HOIPIN-1 (JTP-0819958) is a selective linear ubiquitin chain assembly complex (LUBAC) inhibitor with an IC₅₀ of 2.8 μM^[1]. HOIPIN-1 suppress LUBAC-mediated NF-kB activation in vitro^[2]. In Vitro: In the HTRF-based LUBAC-mediated ubiquitination assay with Petit-LUBAC. HOIPIN-1 (0.9-120 μM) exhibits an increased inhibitory activity with a a longer preincubation time in the reaction buffer. The IC₅₀ values are 26 μM, 26 μM, 26 μM, and 3.926 μM, at 1h, 3h, 6h and 24 h, respectively^[1].

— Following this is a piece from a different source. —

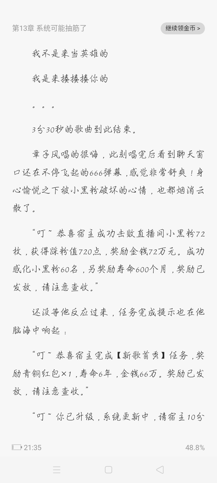 Zhang Zifeng traveled through time, and the system forced him to pick up trash during the day and pick up customers at night - to do live broadcasts. He felt hopeless... Huh? --This anchor is a bit arrogant. He is rude to his fans? I giao--this anchor is very hateful. While others play with skills with guns and guns, he flirts with my sister and shows off to eat chicken; Damn it! - This anchor deserves a beating, he throws the blame after finishing cooking... Others have a lot of fans when doing live broadcasts, so why are there so many little black fans in my live broadcast room who refuse to leave? Zhang Zifeng got angry: "Little black fans in front of me, don't run away, let me beat you to death with a frying pan." "Ding~ Congratulations on defeating the little black fan. The reward is 1 year of life and 9 cash..."

The coexpression of the LUBAC subunits in HEK293T cells increases the intracellular amounts of linear polyubiquitin, HOIPIN-1 (1-30 μM) dose dependently suppressed the production of intracellular linear polyubiquitin in LUBAC-expressing HEK293T cells^[1].
HOIPIN-1 (30-100 μM; 30-60 mins) inhibits IL-1β-induced NF-κB activation and decreases the phosphorylation of IKKα/β, p105, and p65 in hela cells^[1].
HOIPIN-1 (10-100 μM) inhibits the expression of NF-κB target genes such as ICAM1 and TNF-α in IL-1β-induced hela cells in a dose-dependent manner^[1].
The linear ubiquitin chain assembly complex (LUBAC), composed of the HOIL-1L, HOIP, and SHARPIN subunits. HOIPIN-1 exhibits IC₅₀ values of 4.4 μM, 3.5 μM and 3.7 μM for inhibition of linear polyubiquitination activity by the HOIL-1L/HOIP complex, the HOIL-1L/HOIP/SHARPIN complex and the HOIP/SHARPIN complex, respectively^[2].
HOIPIN-1 (1-100 μM; 72 hours) shows no apparent cytotoxicity based on ATP content, it exhibits cytotoxicity in A549 cells with an IC₅₀>100 μM in A549 cells^[2].